Sunday, February 21

Moving Pictures

I can’t believe how long it is taking these few sets of photos to leave my computer, especially given that I am sending them one set at a time. I thought Windows 7 was supposed to be super fast, but these pictures would have left my computer half and hour ago on Windows 2000.

Truthfully, though, I don’t know enough about these things, and I am probably sending them in 400 megabytes (if that’s even how you say it) per shot. I think a re-enactment would have been faster.

I guess it’s like snail mail in the way that I don’t have to sit here all night and watch them go. Still, if they don’t leave my email box soon, I’ll worry and wonder if I have jammed something up irreparably.

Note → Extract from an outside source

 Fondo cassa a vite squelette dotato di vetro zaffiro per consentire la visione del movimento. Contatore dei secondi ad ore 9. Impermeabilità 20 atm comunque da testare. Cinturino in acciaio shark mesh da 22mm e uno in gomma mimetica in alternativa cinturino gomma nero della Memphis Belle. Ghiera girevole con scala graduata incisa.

On the other hand, this can’t be much of an interesting entry for anyone but me, and even I am beginning to yawn.

While I wait, I could say instead that I watched The Hurt Locker this evening, and as much as no one can argue that it certainly captures, in documentary style, the heart and heartlessness of the war in Iraq, I felt gratuitously manipulated. The film, which should have left me stock-still for a week and a half, stayed with me all of two minutes – the time it took me to switch from it to Project Runway.

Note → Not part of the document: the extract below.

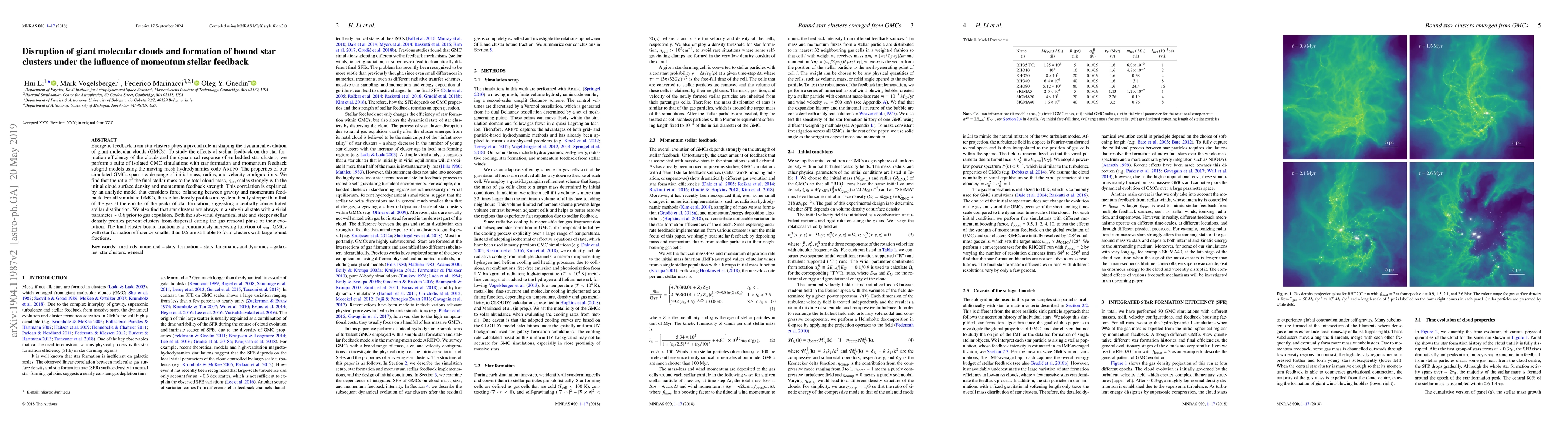 This study investigates how stellar feedback influences the disruption of giant molecular clouds and the formation of bound star clusters, using simulations with varying initial conditions. The results show a strong correlation between the star formation efficiency and the initial cloud's surface density and feedback strength, with star clusters remaining bound due to their sub-virial state and centrally concentrated stellar density profiles.

Yes, yes, I know what you’re saying. Anyone who could be more riveted by Project Runway than by a war in the Middle East (or anywhere) doesn’t have the depth of character to appreciate The Hurt Locker.

But that’s not true. I have watched The Deer Hunter until my eyes practically fell out of my head, and I know by heart all of the songs in Coming Home – a staggering war movie – and The Thin Red Line is still with me, years after my first viewing, and I can’t even talk about The Killing Fields without crying.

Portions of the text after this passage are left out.